Pedro I of Castile had a problem that only his enemies' artisans could solve. In the 1360s, having conquered Seville from the Moors more than a century earlier, the Christian king wanted to build a palace of extraordinary beauty. He turned to Mudejar craftsmen -- Muslim artisans living under Christian rule -- and they created something that defied the logic of conquest: a palace built by the conquered for the conqueror, in the style of the conquered, on the ruins of the conquered's own citadel. The Royal Alcazar of Seville is that paradox made permanent, and it remains the oldest royal palace in continuous use in Europe.
The site's history begins in the 10th century, when the Umayyads established an Islamic citadel here. The Abbadid dynasty expanded it into a larger palace complex in the 11th century, and the Almohads -- the Berber dynasty that controlled much of North Africa and Iberia -- developed it further in the 12th and early 13th centuries. When Ferdinand III of Castile captured Seville in 1248, the complex became the seat of Christian royal power. But the transformative moment came under Pedro I during the 1360s, when he commissioned a new palace within the existing compound. The result is a masterwork of Mudejar architecture: Islamic geometric patterns, carved stucco, and glazed tilework executed with virtuosity, enclosing spaces designed for a Christian court. The craftsmen who built it came from Seville, Toledo, and possibly Granada -- artisans whose skills had been refined over centuries of Islamic artistic tradition.

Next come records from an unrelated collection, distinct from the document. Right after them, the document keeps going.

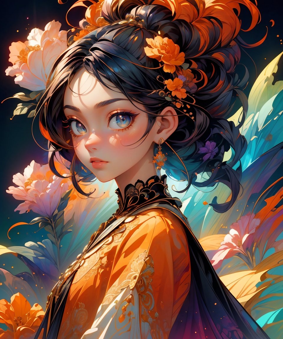 (лучшее качество, шедевр, официальное искусство, красиво и эстетично:1.2), 1 девушка, ЦВЕТ кожи, (серьги, украшения для волос), смотрит на зрителя, ветер, цветы, замысловатый фон, чрезвычайно детализированная, (фрактальное искусство:1.2), красочная, (ЦВЕТ:1.3), красочный шум, визуальный хаос, современная эстетика, кинематографический LUT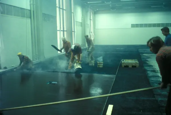 Byggeplass. Utvidelse av Tiedemanns fabrikk på Hovin i 1982-83.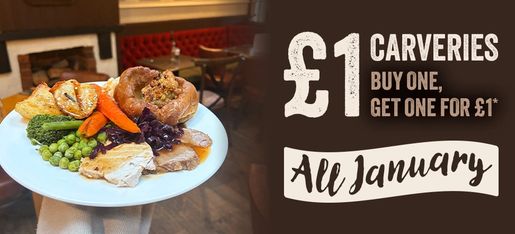 2 adult carveries for just £18. Perfect for a hearty lunch, this offer is the ideal way to enjoy great food at a fantastic price. Don’t miss out!
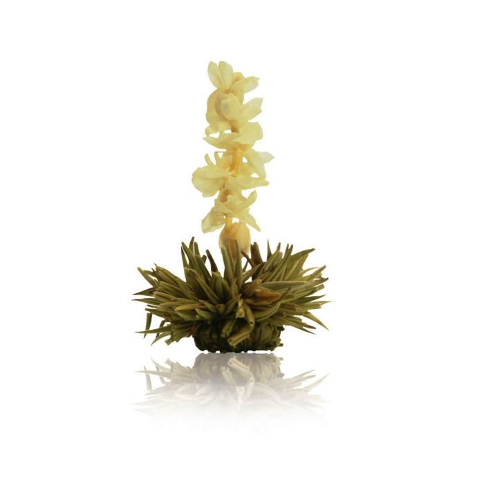 Plaats de theebloem in een glazen theepot, zo kan je het ontvouwen van de theebloem bewonderen. Schenk 500 ml – 800 ml kokend water in de theepot, na 4 – 6 minuten ontpopt het theebolletje zich tot een wondermooie bloem. Geniet van je theebloem.

The gardens of the Alcazar are themselves a palimpsest. Islamic garden design -- with its emphasis on water, geometry, and enclosed paradise -- was overlaid with Renaissance and later Baroque modifications, creating a landscape that reads differently depending on which century you focus on. Fountains designed to cool the air in the Andalusian heat feed channels that trace the outlines of medieval plantings. Orange trees planted in formal rows scent the air with blossoms in spring. Pavilions from different eras dot the grounds, some Moorish in inspiration, others purely European. The gardens became internationally famous as a filming location for Game of Thrones, where they stood in for the Water Gardens of Dorne, an ironic echo of the Alcazar's own history of being reimagined by successive cultures.
What makes the Alcazar architecturally remarkable is not just its beauty but its refusal to resolve its contradictions. Arabic inscriptions praise Allah alongside Gothic vaulting. Geometric tilework patterns that follow Islamic rules about the representation of living things share walls with figurative Christian imagery. Pedro I, called both "the Cruel" and "the Just" depending on which side of his politics you stood, seems to have deliberately cultivated this hybridity. An inscription in Arabic on the walls of the palace reads, in the voice of the Muslim craftsmen: "Glory to our lord the Sultan Don Pedro." It is a sentence that could only have been written in medieval Iberia -- a place where cultures blended even as they warred, and where a Christian king's greatest aesthetic achievement was a building that looked like the palaces of his enemies.
The Alcazar remains one of the official residences of the Spanish royal family, making it the oldest palace in Europe still used for its original purpose. When the Spanish monarch visits Seville, the upper floors of the palace -- renovated repeatedly over the centuries -- still serve as royal apartments. Below, tourists walk through the same courtyards and halls, separated from functioning statecraft by a few flights of stairs. The Alcazar's designation as a UNESCO World Heritage Site in 1987, together with the adjacent Seville Cathedral and the General Archive of the Indies, recognized what the building has always embodied: a place where conquest and art, religion and beauty, destruction and creation coexist in an uneasy, magnificent whole.
Located at 37.383N, 5.991W in central Seville, Spain. The Alcazar's extensive gardens and courtyards are visible from altitude as a large green space adjacent to Seville Cathedral. Nearest airport: LEZL (Seville-San Pablo, ~10 km northeast). The Guadalquivir River is the prominent waterway through the city.